Reprinted with permission of the American Thoracic Society. Copyright © 2019 American Thoracic Society. O’Donnell DE, Bain DJ, Webb KA. 1997. Factors contributing to relief of exertional breathlessness during hyperoxia in chronic airflow limitation. Am J Respir Crit Care Med. 155(2):530–535. The American Journal of Respiratory and Critical Care Medicine is an official journal of the American Thoracic Society

Improvement in a dyspnea, b P0.1 (a surrogate measure of inspiratory neural drive), and c VE with administration of oxygen in patients with moderate to severe COPD and mild exertional oxygen desaturation, not qualifying for ambulatory home oxygen. RA room air, P0.1 airway occlusion pressure, VE minute ventilation.

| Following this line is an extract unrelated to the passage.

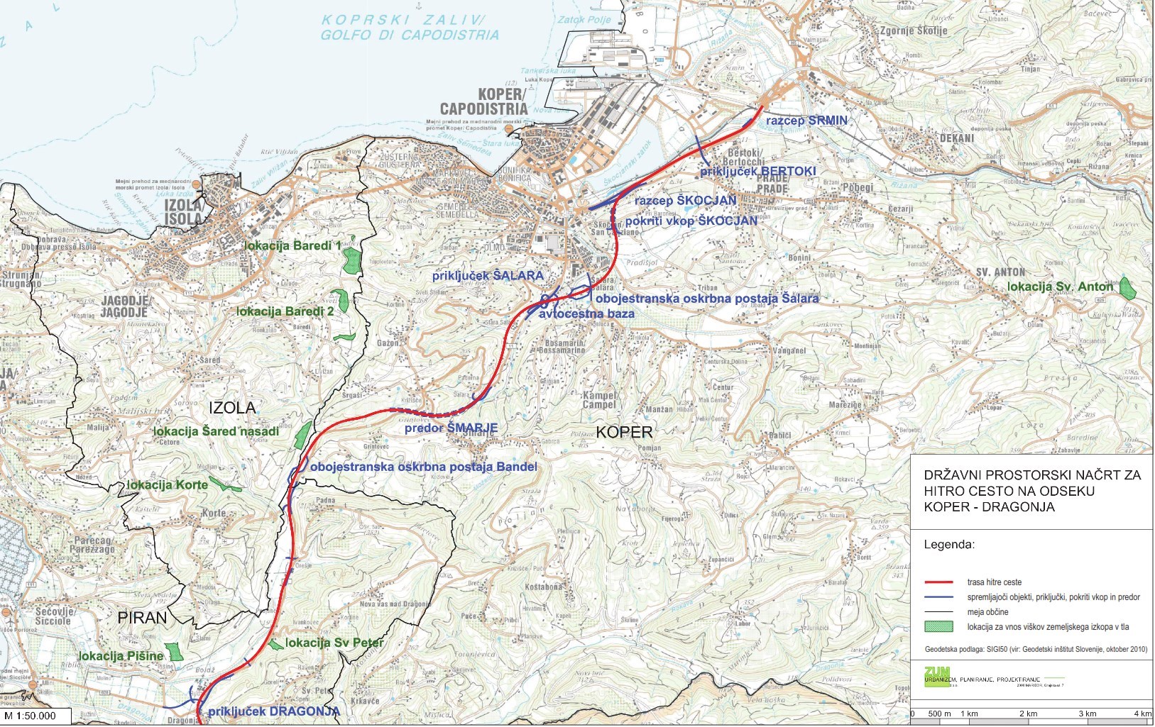 Inače, vizualizacija brze ceste od Kopra do grančnog prijelaza Kaštel objavljena je 2009. godine, a radovi su bili predviđeni u trajanju 3 godine. Tek 2016. godine Slovenija je objavila Državni lokaciji plan za brzu cestu Koper-Dragonja i nako toga je tajac.

Landmark clinical trials assessing the use of oxygen therapy in COPD have demonstrated the mortality benefit of continuous ambulatory oxygen in patients with significant hypoxemia [64, 65]. A recent systematic review examined 44 studies that assessed the impact of supplemental ambulatory oxygen on symptoms in patients with COPD who did not qualify for supplemental oxygen on the basis of thresholds from landmark studies (mean PaO2 > 55 mmHg). Oxygen supplementation reduced dyspnea in patients undergoing cardiopulmonary exercise testing compared to patients exercising without oxygen; however, evidence of an effect on daily activities was limited [63,64,65].

Opiates

Respiratory depression is a well-recognized complication of opioid therapy in susceptible older patients with more advanced COPD [66,67,68,69,70,71,72]. In clinically stable patients with COPD, careful upward titration of opiate medication is generally safe in selected patients. Abdallah et al. [73] have recently shown that a single dose of fast-acting, orally administered morphine in patients with COPD was associated with improvements in dyspnea and exercise endurance but with considerable variation in response [73]. Of interest, this subjective improvement occurred in the absence of significant decreases in IND (EMGdi/EMGdi,max), Bf, and VE. The authors speculated that opiates may alter the central processing of sensory signaling related to dyspnea and may influence the affective dimension by acting on abundant opioid receptors in cortico-limbic centers of the brain.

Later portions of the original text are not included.